If you are running docker for windows, the webapp is listening in localhost:30000 and if you are using minikube you should run the following command to get the final url.
minikube service webapp-service --url
(The output should be something like this: http://192.168.99.100:30000 )
On the console, execute the following command:
kubectl get pods --watch
This will show the pods with watch mode, and we will see live updates whenever a pod status changes.
Open a new console and execute the following command to switch to unhealthy status some of the replicas:
curl http://localhost:30000/switch
As we are getting balanced, we can reach the same replica twice, so be sure to receive at least two messages in which the pod enters in a unhealthy state:
webapp-deploy-7686b8c794-kzjrx running False
webapp-deploy-7686b8c794-kzjrx running False
If we wait some seconds for the liveness probe to pass, we will see on the watch console that our pods have been killed by kubernetes showing a 1 number on the restarts column:
webapp-deploy-7686b8c794-fvfq9 1/1 Running 1 23m
webapp-deploy-7686b8c794-kzjrx 1/1 Running 1 23m
Kubernetes executed the liveness probe against the replicas and the two being unhealthy were killed and restarted.
Let's try right now the readiness probe. The output of this experiment should be the application not being able to return any response, because although the pods are healthy and alive, they are gonna report as non ready.
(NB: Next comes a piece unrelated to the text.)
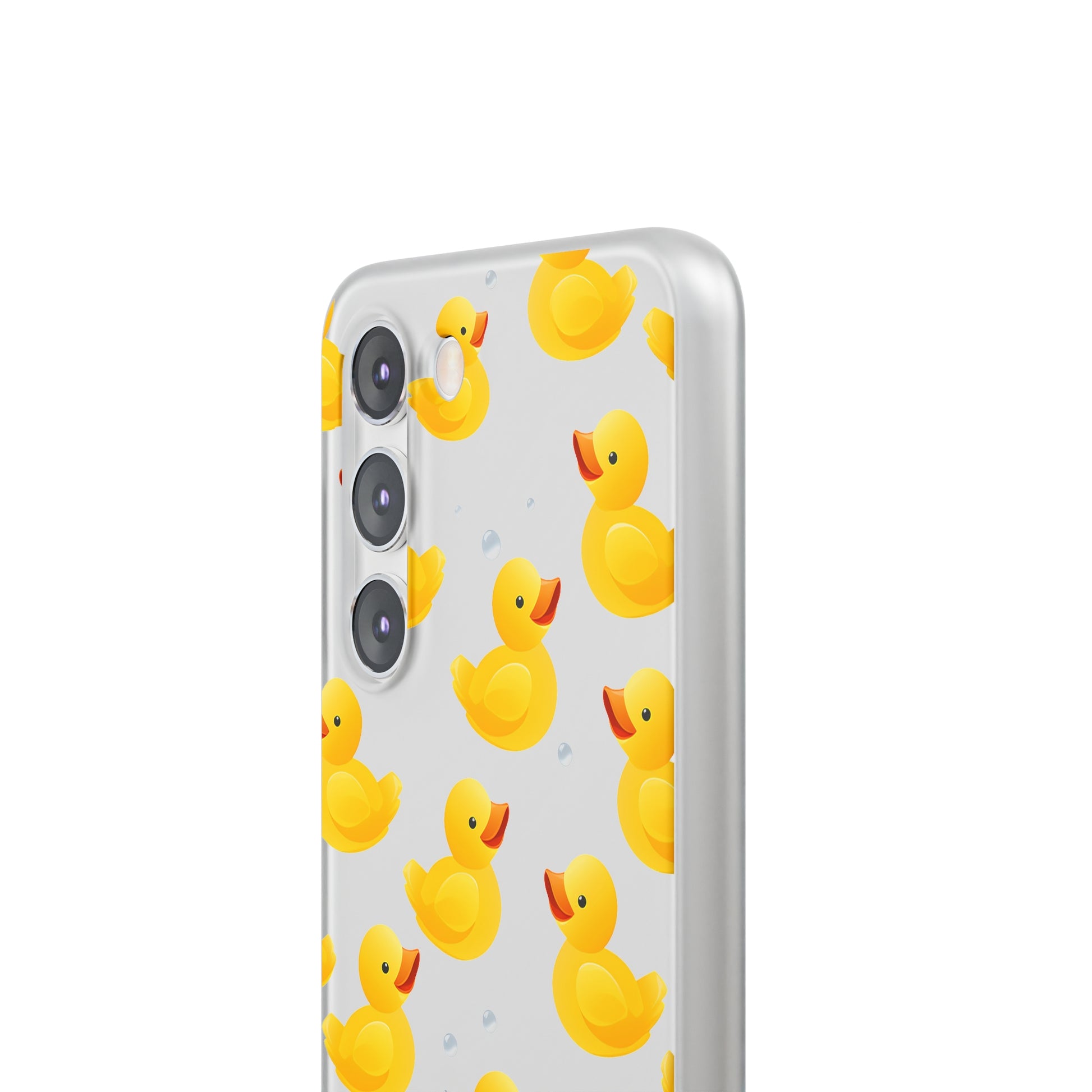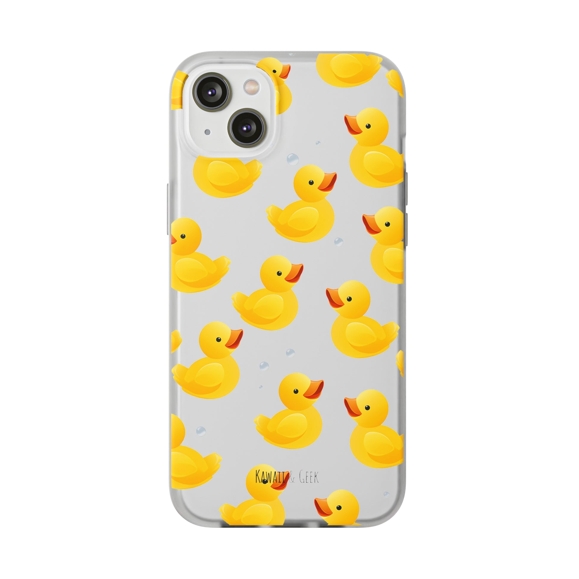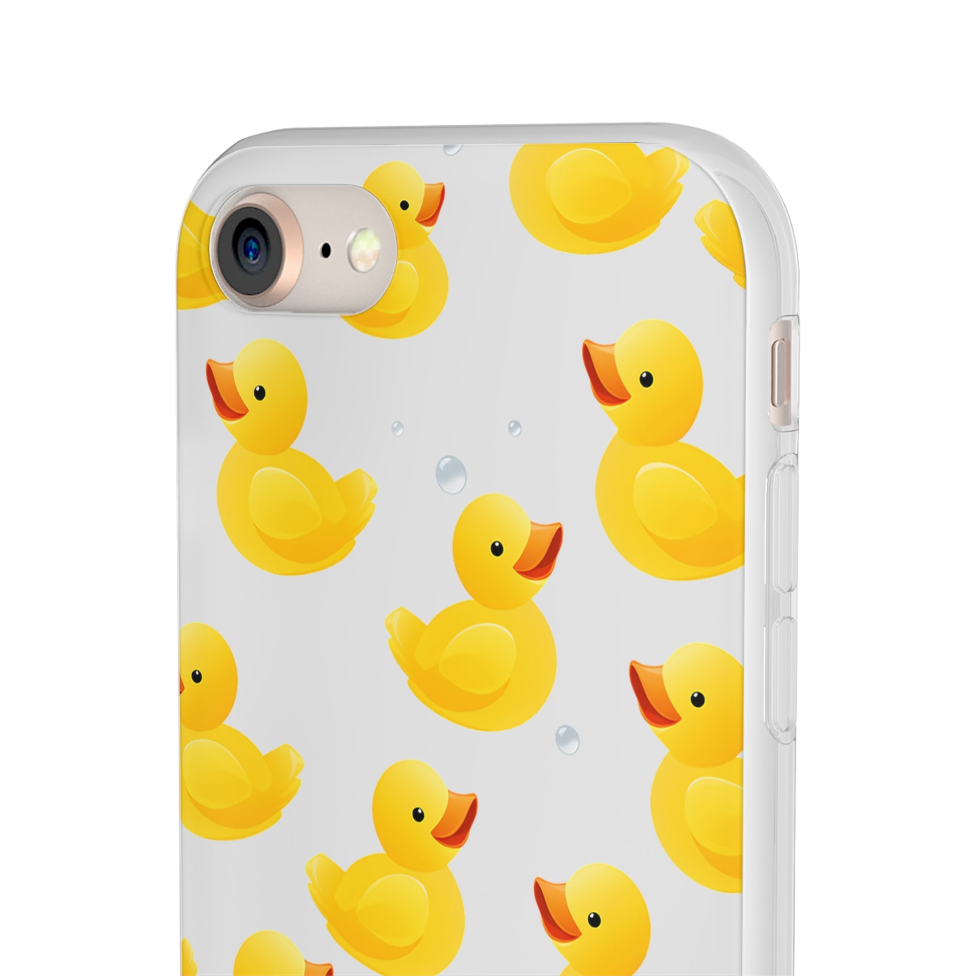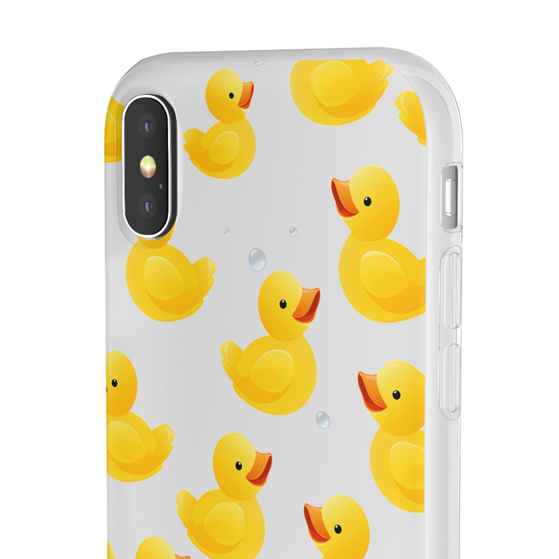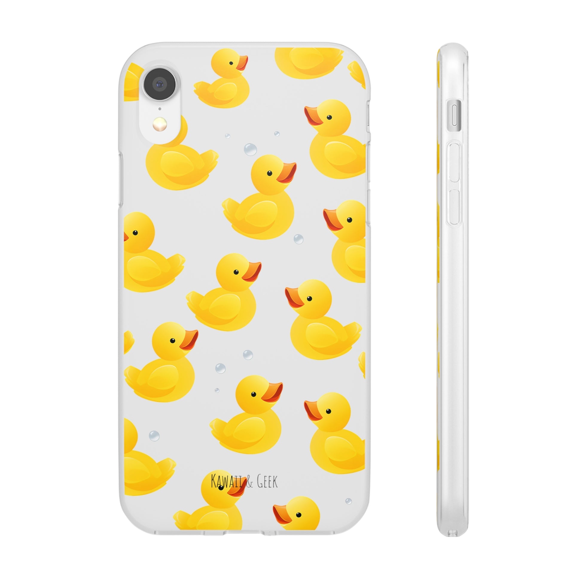 Keywords: Yellow duck case, Flexi phone cover, Transparent case, Playful design, Childhood nostalgia, Iconic ducks, Quirky style, Duck pattern, Premium protection, Retro vibe, Phone accessory, Classic design, Fun phone case.

Execute the following command to scale to 0 replicas the sqlserver deployment and get the pod deleted:
kubectl scale deployment sqlserver --replicas=0
you should see the console output: deployment.extensions/sqlserver scaled
Wait now for the readiness probe to execute and see the pods status (kubectl get pods):
webapp-deploy-7686b8c794-w2nlk 0/1 Running 0 27m
webapp-deploy-7686b8c794-fvfq9 0/1 Running 1 27m
webapp-deploy-7686b8c794-kzjrx 0/1 Running 1 27m
As you can see, none of them are ready (0/1) and if we try to query the health of the deployment using the previous command:
curl http://localhost:30000/self
We will not receive any response:
curl: (7) Failed to connect to 192.168.99.100 port 30000: Connection refused
The pods are alive but one of their dependencies isn't.
In a real scenario, maybe one, maybe some, but not all the pods will be non ready, and that pods will get out of traffic, but as we are using the same images and dependencies on this deployment all pods are expelled from service.
This has been a little introduction to how can you use Health Checks and benefit from it when you are running containers within an orchestrator.